My name is Aditya Pendyala. This is Martin Sakowski. We are Solutions Architects from AWS, and today we are going to talk to you about the seismic shift and all the work that you've been doing on user experience and why that is being reimagined to agent experience. Most importantly, what you could do to navigate this shift in order to not let you rebuild the whole thing all over again just because agents are coming over.
Before we go into the thick of things, I want to quickly talk a little bit about the state of e-commerce today. The first thing that I want to highlight is 51% of Gen Z customers are starting their product search in AI platforms. They're not on your site. They're starting off their product searches in an AI platform. And then we are estimating about $500 billion in annual sales through 2030. It's just four years away. Think about that.
Gartner predicts that about 25% to 30% of all e-commerce will flow through agents in the near future, and this is where it gets really interesting. OpenAI reported that their product searches on their platform have been growing 340% year over year continuously, and what's more, the traditional channels are declining. What does that mean? That means the Google product searches, the ones driving traffic to retailer sites, are down by 23% year over year. And even more important, the click-through is down by 30% year over year.
So what does that mean? Where's the traffic? Is the traffic disappearing? Are people not buying anymore? No, people are buying. It's just that the traffic that used to be generated and directed to your site through these traditional channels is no longer happening. There is shopping. They're still browsing, but they're not doing it the same way they used to.
So what does this mean for e-commerce builders? What does it mean for us? Over the last two decades, we've been perfecting the art of user experience. We've implemented great visual design, rich colors, nice images, and so on and so forth. We built smooth navigation, and we've extracted every single millisecond possible out of the page load times so that our SEO is great. Guess what? Agents don't care about any of that. So what's happening? It's the fundamental shift from user experience to agent experience.

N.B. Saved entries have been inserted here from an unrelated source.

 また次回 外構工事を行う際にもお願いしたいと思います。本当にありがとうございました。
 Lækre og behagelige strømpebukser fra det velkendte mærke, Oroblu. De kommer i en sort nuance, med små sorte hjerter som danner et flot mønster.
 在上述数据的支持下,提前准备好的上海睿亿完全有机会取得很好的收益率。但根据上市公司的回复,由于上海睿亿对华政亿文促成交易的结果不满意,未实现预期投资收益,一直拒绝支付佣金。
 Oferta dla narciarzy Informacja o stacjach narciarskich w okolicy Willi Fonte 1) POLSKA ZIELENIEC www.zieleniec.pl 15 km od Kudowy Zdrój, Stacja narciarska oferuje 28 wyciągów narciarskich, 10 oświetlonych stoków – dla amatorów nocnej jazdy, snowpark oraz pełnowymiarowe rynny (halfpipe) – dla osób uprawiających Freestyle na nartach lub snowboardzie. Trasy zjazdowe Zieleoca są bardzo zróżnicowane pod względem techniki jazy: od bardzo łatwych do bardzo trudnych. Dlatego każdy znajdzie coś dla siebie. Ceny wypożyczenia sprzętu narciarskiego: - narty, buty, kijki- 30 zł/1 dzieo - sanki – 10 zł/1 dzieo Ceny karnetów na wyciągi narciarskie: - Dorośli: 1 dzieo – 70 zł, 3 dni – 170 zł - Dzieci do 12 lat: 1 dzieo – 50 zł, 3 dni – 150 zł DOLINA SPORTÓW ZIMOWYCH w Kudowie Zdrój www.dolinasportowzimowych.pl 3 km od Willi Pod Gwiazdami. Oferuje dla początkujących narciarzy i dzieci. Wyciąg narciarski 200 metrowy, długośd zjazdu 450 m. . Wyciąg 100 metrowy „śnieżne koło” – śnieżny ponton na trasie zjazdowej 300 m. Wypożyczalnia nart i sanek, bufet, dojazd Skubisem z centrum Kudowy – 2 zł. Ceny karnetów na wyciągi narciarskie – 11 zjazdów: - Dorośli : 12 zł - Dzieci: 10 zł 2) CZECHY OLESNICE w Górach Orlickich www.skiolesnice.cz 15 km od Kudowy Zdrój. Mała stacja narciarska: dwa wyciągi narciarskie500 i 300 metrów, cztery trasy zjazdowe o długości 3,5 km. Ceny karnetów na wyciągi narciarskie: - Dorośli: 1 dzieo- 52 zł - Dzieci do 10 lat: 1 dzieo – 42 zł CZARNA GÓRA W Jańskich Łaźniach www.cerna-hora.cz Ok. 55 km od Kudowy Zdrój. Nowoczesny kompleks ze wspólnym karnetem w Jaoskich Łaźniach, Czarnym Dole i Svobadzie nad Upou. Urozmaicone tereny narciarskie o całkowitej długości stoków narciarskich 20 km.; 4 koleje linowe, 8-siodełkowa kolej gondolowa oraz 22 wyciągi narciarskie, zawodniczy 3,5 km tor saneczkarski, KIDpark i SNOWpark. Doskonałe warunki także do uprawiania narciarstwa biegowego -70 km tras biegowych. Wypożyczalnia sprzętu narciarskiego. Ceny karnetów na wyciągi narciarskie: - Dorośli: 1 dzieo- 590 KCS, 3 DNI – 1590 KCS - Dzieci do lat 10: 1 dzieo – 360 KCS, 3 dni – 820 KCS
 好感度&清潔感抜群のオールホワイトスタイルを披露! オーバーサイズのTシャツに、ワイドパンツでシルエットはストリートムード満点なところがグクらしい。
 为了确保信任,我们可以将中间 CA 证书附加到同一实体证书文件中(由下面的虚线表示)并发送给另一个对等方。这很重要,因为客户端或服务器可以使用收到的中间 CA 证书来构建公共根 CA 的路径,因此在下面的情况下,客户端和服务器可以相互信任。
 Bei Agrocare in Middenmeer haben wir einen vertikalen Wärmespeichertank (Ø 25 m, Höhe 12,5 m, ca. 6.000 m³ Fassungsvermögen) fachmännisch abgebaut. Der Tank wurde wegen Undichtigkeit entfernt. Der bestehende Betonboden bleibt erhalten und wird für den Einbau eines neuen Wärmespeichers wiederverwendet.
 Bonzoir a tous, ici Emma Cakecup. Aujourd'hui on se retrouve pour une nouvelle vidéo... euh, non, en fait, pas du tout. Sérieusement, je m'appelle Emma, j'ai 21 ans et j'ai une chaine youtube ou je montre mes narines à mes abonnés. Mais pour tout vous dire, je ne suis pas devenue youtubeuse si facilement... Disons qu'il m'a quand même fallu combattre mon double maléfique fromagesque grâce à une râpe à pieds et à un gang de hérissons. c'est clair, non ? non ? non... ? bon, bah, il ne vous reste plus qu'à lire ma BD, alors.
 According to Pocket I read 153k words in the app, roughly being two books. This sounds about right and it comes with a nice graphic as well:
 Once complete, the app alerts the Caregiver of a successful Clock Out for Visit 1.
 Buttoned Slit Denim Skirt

So what is agent experience? What do they care about? They care about good API design. They care about structured data. What that means is your data needs to be proper, it needs to be up to date, and it needs to be reliable. And the agents must find a way to interact with your data. So what does that mean? That means you need to have some kind of protocol that is able to expose that data to the agents so that they can interact with your data. This is the shift from user experience to agent experience, and it is super important. If your website does not adapt to agent experience, your site will disappear for about one-third of all e-commerce traffic.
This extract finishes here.